# Finished this today



## Snipez (Dec 1, 2010)

Finished this today just need to fit the bands

Think it is hickory









Atb rob


----------



## philly (Jun 13, 2010)

Nice shooter, beautiful finish, sweet.
Philly


----------



## jmplsnt (Jan 1, 2010)

It has the look of hickory. If it was extremely hard and dulled all your tools, you can be pretty certain it is.

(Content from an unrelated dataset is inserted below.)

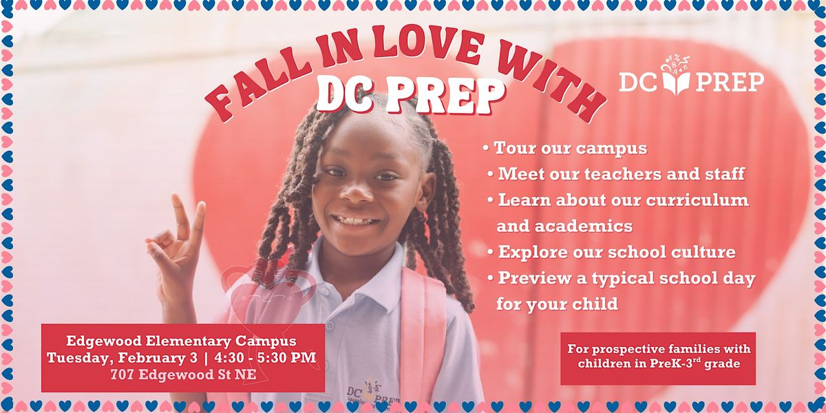 Fall in love with DC Prep and see why families rank us #1 on My School DC! Tour our campus, meet our amazing teachers and staff, explore our engaging curriculum and joyful school culture, and experience what a typical school day looks like for your child. This is your chance to see why DC Prep is the perfect first choice for your family.

You did a good job on that one and it looks like it would be quite comfortable in the hand. Keep us posted on how it shoots and I hope it's a good one for you.


----------



## Dayhiker (Mar 13, 2010)

Very nice.


----------



## mxred91 (Aug 8, 2010)

Beautiful job!


----------



## e~shot (Jun 3, 2010)

Nice one, topnotch finishing .....


----------



## M.J (Nov 1, 2010)

Looks great!


----------



## smitty (Dec 17, 2009)

I like it too...great work.


----------



## tubeman (Mar 7, 2011)

Excellent finish, and the hard work shows. If it is hickory it will outlive you. I have a vintage North American Hickory walking stick that is around 80 years old and still rock solid.


----------



## AJW (Apr 24, 2011)

Snipez, that's one piece of hickory that never looked so good. Everything about it just fits. Great job !!!!


----------